There are at least two presumptions some people make about the peace effort in Iraq (yes, I'm being semantically clever to make a point). One presumption is the falsehood that the United States can say "never mind," stop its effort to help bring freedom and self-determination to Iraq and, like magic, those who now hate and wish to destroy us will also say "never mind" and go back to killing each other instead of us.
The other false presumption is that those who tell opinion pollsters they now oppose the war and think it makes America more vulnerable to terrorist attacks know what they are talking about. Their conclusions have been reached largely through television, which doesn't always present a complete picture. Besides, how can a nation fixated on runaway brides, missing blondes and materialism be taken seriously when it comes to global matters of defeating terrorists and liberating nations?
Secretary of Defense Donald Rumsfeld sees a gap between opinion polls and what he has observed from recent visits to Iraq. During an interview at the Pentagon on Tuesday, I asked Rumsfeld about the latest USA Today/CNN/Gallup Poll that shows that 56 percent say the war is going badly, while 57 percent say the war has made America more vulnerable to terrorism.

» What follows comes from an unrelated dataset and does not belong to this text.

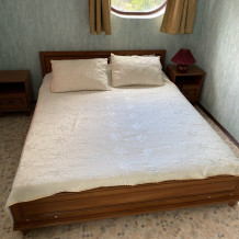 Двухкомнатный номер с большой террасой. В данном номере могут разместится свободно 5 человек. В первой комнате угловой диван, телевизор, кондиционер, шкаф, тумбочка, стол, балкон. В спальне установлена большая двухспальная кровать, тумбочки, шкаф, кондиционер, выход на террасу (20 метров с мебелью), в номере холодильник, чайник, сан.узел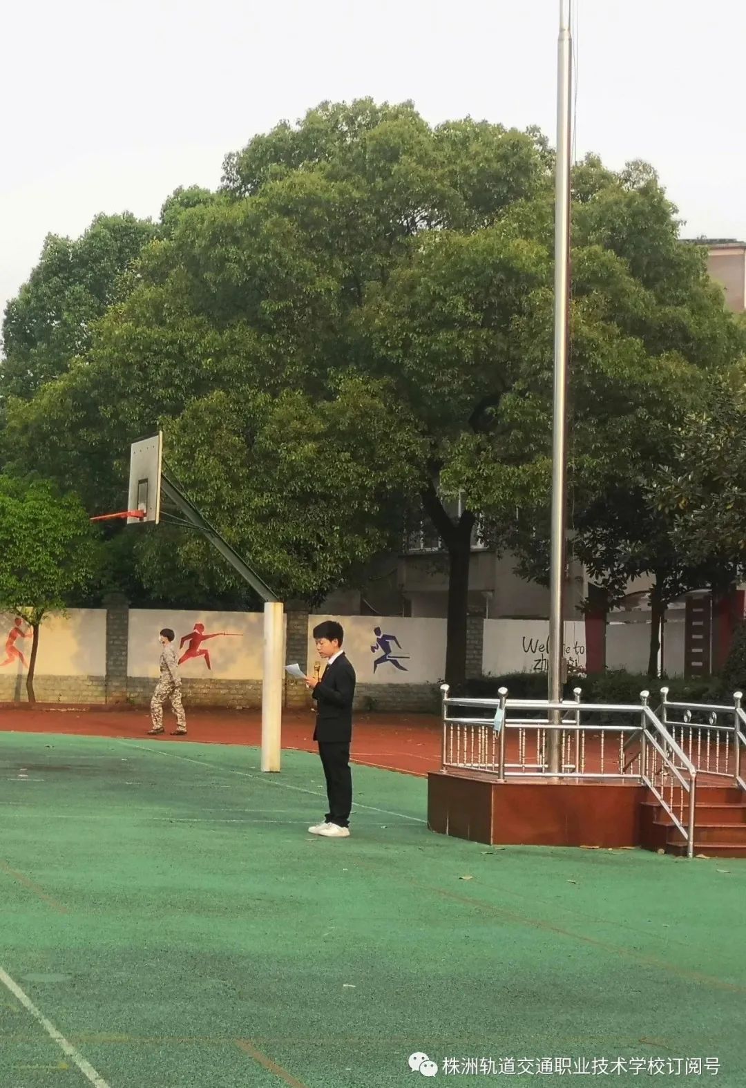 株洲職校學(xué)生代表文齊靖在國(guó)旗下講話,他說(shuō):“作為一名株軌學(xué)子,在這里不僅學(xué)知識(shí),更學(xué)會(huì)了如何為人處事,懂得感恩、變得有禮、勤勞,可以說(shuō)株軌給了我們每個(gè)學(xué)子滿滿當(dāng)當(dāng)?shù)恼芰浚o了我們陽(yáng)光自信的氣質(zhì),給了我們向上的動(dòng)力與激情, 而我們又將以什么奉獻(xiàn)給株軌呢?在這個(gè)青年人自己的節(jié)日里,當(dāng)我們靜靜思考這個(gè)問(wèn)題時(shí),會(huì)感到一份責(zé)任油然而生,我們要讓株軌的發(fā)展和未來(lái)有我們今天在這里的每一個(gè)人的付出和力量,我們更要讓自己不辜負(fù)這個(gè)時(shí)代賦予我們的使命。我相信我們完全可以做到,完全可以在株軌的光榮歷史上刻上我們的名字,讓這個(gè)時(shí)代記住我們。”

He said the soldiers in Iraq "see the progress they are making and they are absolutely dumbfounded by what they see and the impression that's left by America's media here in the United States." Rumsfeld also said the Pentagon keeps track of what the Iraqi people think and they are "increasingly optimistic about the future of their country and increasingly negative about the insurgency."
Does this sound like Vietnam when political and military leaders talked about "turning the corner" and "light at the end of the tunnel"?
"You haven't heard words like that from me," Rumsfeld answers. "What I see is a situation on the ground that is clearly a difficult one, let there be no doubt." He forecasts increasing violence between now and when a constitution is drafted later this month and scheduled elections in December.
Rumsfeld is deliberately vague in response to a question about Iran's decision to resume its nuclear program. Iran claims it only wants to produce energy from nuclear power, but the U.S. believes it will manufacture nuclear weapons.
At what moment, I asked, does this become a point of no return as it was for the Israelis who bombed Iraq's nuclear reactor in 1981? "I don't know," he says, leaving himself the widest possible latitude for diplomatic or military responses.